Noam sat upright, quickly enough that Dara had to flinch out of the way of Noam’s elbows. “What?”
Ames hadn’t moved from where she lay, one arm flung overhead with fingers dangling off the edge of the mattress. Her eyes glinted in the lamplight. “You heard me. He brought me and my brother and our mom into the quarantined zone when I was, like, six. Got us all sick. Mom and brother died, but I lived. Obviously.”
Noam couldn’t—he didn’t want to believe it. Who would do something like that? Nobody was that crazy. Right?
Ames’s other hand was on his side, toying with the hem of his shirt. She said, “Guess he didn’t want to bother with a family if we weren’t gonna be witchings.”
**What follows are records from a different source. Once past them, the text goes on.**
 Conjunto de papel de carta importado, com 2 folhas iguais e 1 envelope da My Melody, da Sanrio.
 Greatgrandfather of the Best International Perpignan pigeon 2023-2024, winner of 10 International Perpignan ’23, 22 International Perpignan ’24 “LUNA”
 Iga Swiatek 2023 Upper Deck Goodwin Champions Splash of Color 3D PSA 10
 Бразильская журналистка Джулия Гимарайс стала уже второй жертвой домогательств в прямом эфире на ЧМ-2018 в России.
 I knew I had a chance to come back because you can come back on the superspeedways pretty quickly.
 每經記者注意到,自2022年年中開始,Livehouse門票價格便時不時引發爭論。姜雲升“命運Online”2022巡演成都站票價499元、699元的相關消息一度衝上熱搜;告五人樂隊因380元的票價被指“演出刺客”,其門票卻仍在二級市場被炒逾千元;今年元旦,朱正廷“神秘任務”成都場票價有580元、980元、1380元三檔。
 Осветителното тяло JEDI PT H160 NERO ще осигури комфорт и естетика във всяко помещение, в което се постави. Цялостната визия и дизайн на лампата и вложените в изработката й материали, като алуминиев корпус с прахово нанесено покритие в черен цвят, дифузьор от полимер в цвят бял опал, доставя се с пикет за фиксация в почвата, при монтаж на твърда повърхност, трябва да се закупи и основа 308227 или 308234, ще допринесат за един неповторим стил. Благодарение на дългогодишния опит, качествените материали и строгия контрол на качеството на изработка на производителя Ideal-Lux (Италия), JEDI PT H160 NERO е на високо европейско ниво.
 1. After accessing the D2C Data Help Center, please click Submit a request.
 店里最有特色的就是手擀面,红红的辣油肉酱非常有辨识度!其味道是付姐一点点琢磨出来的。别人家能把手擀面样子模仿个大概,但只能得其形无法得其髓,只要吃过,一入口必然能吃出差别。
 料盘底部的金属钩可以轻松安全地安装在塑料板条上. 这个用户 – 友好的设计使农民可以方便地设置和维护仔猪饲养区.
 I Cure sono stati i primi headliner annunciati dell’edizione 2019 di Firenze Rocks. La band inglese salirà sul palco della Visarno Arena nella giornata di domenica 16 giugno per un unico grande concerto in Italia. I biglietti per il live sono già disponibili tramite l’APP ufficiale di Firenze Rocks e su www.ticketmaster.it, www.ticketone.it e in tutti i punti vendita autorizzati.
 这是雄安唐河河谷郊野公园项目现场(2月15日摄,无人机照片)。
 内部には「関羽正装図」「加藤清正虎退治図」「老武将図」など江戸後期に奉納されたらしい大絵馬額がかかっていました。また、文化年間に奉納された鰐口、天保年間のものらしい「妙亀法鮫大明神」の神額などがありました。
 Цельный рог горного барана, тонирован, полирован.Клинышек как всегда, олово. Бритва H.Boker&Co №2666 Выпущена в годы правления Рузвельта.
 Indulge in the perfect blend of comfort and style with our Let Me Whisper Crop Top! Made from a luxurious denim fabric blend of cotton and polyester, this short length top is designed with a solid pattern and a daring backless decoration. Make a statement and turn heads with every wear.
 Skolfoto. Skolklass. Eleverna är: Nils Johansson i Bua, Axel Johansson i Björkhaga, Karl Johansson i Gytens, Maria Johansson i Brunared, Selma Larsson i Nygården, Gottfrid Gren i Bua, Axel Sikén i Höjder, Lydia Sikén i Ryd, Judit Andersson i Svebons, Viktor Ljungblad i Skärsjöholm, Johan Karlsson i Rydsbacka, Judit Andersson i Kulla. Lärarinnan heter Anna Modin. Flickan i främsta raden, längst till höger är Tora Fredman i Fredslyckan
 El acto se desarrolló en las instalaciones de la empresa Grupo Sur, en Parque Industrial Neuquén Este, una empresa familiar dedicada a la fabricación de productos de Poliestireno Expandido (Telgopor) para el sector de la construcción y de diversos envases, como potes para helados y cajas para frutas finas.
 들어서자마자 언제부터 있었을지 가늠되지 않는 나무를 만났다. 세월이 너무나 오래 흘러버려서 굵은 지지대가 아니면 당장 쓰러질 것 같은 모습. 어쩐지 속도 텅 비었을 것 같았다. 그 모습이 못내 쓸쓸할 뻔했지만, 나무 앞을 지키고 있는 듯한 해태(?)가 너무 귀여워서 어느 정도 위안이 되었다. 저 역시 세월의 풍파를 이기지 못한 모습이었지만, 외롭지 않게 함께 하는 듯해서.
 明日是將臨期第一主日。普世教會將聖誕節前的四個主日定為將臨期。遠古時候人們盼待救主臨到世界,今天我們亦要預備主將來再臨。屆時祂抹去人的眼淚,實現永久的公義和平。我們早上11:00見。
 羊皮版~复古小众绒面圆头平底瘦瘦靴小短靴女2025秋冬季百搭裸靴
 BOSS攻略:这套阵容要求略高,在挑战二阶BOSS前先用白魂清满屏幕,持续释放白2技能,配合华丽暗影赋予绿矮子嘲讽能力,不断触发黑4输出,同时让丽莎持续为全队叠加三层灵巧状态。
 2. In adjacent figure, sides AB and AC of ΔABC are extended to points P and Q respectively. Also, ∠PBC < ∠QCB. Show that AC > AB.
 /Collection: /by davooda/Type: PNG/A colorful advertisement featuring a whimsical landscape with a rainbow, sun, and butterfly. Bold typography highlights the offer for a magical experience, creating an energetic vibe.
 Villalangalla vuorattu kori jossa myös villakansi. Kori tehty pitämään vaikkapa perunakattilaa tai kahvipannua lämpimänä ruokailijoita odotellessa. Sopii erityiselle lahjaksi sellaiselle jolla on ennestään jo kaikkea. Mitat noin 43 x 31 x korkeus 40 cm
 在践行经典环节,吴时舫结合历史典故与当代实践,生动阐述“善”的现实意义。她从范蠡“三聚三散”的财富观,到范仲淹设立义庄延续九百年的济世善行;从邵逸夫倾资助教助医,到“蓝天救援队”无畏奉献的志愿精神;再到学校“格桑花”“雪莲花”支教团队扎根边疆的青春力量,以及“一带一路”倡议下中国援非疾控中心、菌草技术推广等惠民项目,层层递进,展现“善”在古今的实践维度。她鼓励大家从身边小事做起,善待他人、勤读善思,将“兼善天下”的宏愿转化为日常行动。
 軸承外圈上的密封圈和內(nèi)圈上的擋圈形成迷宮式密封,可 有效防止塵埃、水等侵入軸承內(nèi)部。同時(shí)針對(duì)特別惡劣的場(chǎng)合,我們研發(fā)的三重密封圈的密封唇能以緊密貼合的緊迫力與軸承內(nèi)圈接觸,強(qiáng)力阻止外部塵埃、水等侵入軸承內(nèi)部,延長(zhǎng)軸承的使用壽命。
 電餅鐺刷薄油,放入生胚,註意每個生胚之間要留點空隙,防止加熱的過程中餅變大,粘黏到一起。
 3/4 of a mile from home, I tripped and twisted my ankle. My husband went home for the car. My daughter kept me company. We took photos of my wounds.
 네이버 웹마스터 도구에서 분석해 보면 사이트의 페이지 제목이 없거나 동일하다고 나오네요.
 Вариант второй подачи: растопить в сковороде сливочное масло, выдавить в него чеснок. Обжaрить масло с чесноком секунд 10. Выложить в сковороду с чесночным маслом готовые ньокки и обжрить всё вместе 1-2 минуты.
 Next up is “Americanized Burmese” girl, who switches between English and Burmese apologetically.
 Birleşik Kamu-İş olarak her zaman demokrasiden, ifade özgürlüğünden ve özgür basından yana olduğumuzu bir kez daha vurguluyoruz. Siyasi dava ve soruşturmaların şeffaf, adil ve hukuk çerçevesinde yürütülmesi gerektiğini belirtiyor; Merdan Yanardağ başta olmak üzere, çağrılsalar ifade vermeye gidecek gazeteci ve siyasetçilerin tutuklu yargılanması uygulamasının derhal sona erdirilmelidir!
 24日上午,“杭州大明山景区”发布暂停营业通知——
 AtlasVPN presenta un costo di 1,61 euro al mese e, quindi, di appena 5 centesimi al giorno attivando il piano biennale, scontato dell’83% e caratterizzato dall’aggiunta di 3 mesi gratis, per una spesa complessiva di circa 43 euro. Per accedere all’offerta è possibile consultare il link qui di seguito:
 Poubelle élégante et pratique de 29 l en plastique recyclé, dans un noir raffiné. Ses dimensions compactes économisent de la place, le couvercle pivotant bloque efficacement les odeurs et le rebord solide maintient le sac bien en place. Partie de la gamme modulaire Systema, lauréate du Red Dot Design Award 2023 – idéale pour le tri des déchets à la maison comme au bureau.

He stared at Ames’s profile, her elegant features so incongruous with the half-shaved head and tattoos, her gaze fixed on her hand and Noam’s shirt.
“Did you tell anyone?” Noam asked, his voice barely audible even to his own ears. Surely Lehrer hadn’t known. “Before now?”
Ames shrugged. “Told Dara. Hard not to tell Dara.”
“What do you mean?”
A strange smile curled round her lips. “Don’t you know? Dara—”
“Shut up, Ames,” Dara snapped.
Noam looked. Dara was sitting up now, too, but he didn’t seem drunk anymore; his shoulders rose and fell with quick, shallow breaths.
“Jesus, fine, fine,” Ames said and rolled onto her stomach, pushing herself up. She made a face at the pair of them. “The point I’m trying to make is that I fucking hate him. Yeah?”
“Yeah,” Noam said. He kind of hated the general now too.
“Great. Okay. I think I’m gonna be sick.”
Dara grabbed at a nearby wastebasket, getting it under Ames’s head just in time for her to puke dinner and tequila into the liner bag. Dara had one hand on Ames’s back, rubbing circles and murmuring quiet words of reassurance, and Noam—
Noam tipped his head back and closed his eyes and tried to keep his own stomach where it belonged. Six years old. Six, and General Ames had taken his daughter—his wife, his son, his whole family—out where magic was endemic. Knowing they’d get sick. Knowing they’d rot from the inside just like Bea King, knowing they had a 90 percent chance of dying. Finding those odds favorable.
Ames was right. Someone ought to kill him.
“Noam.” Dara’s hand was on his knee, Dara’s voice murmuring in his ear. “Look at me.”
Noam looked.
Dara was close, close enough that Noam could’ve counted each eyelash were he sober enough to see straight. Ames still hunched over the trash, shivering.
“We need to go back downstairs,” Dara said.
“Why?”
“Because Lehrer’s going to send someone looking for us if we don’t. We’ve been gone a long time.”
Noam couldn’t look away from Ames, the damp back of her neck where her collar stuck to her skin. “What about—”
“She’ll be okay,” Dara said. “Promise. You’ll be okay, right, Ames?”